Trapped in a kind of no man's land between primitive and state-of-the-art, these are the people who favor the Good Old Days (but not too old) of the manual typewriter, the prop plane, and, yes, the black-and-white movie, if not the silent film. Call them the Low-Tech Generation.

How can you recognize a member of the Low-Tech Generation? Among test issues, the simplest may be one's feelings about one's record player. A Low-Tech person is very suspicious of compact discs. The argument gets ingenious. In removing all impurities of sound, from surface noise to heavy breathing, compact discs are too perfect. Something human is screened out as well.

The jazz critic Gary Giddins illustrates what can happen when a Low-Tech person gets carried away. In a recent column in the Village Voice, he not only rejected the compact disc but the LP. Spurning the engineers who ``remaster and equalize'' old recordings, he vaulted back in time to those brittle and wonderfully scratchable 78 rpm shellac discs. ``They sound better,'' he insisted with the heroic stubbornness that is the passion of the Low-Tech purist.

One of the common experiences of Low-Tech people is to have seen Walt Disney's ``Fantasia'' too many times in their childhood. They become obsessed with the fable of ``The Sorcerer's Apprentice,'' in which the magic-machinery ends up enslaving its master - in this case Mickey Mouse.

Low-Tech people also wake up at 3 o'clock in the morning after nightmares that Hal, the computer from ``2001,'' has taken over not just the spaceship but the world.

These two movies, constituting the complete scientific education of a lot of Low-Tech people, leave them convinced that if you invent a tool, sooner rather than later you use it, whether it's the wheel, the ukelele, or The Bomb.

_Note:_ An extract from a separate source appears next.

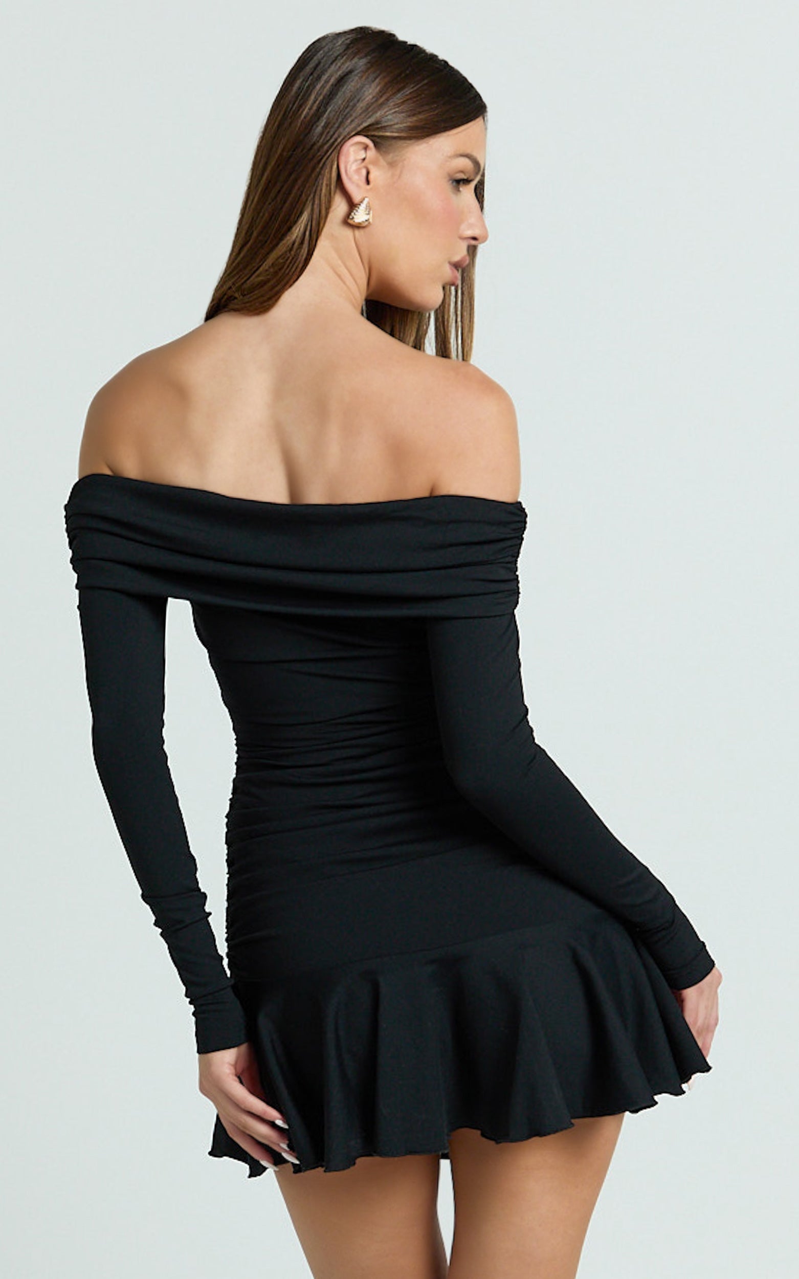 Ruched. Flip skirt. This little black moment brings instant hourglass energy with a body-hugging fit and flirty movement, your go-to for last-minute plans and big main-character nights. Think curve-loving gathers through the waist and a dance-ready mini length that’s made to show off.

Out of this apprehension, Low-Tech people dream of an ideal situation where necessity has mothered just enough Good Inventions - running water, wind-up phonographs, Model T Fords (maybe) - but the genie is still in the bottle.

And since Utopia needs a guard to keep things that way, bring in Humphrey Bogart, with his hands deep in his pockets and his trench coat collar turned up - in living black-and-white.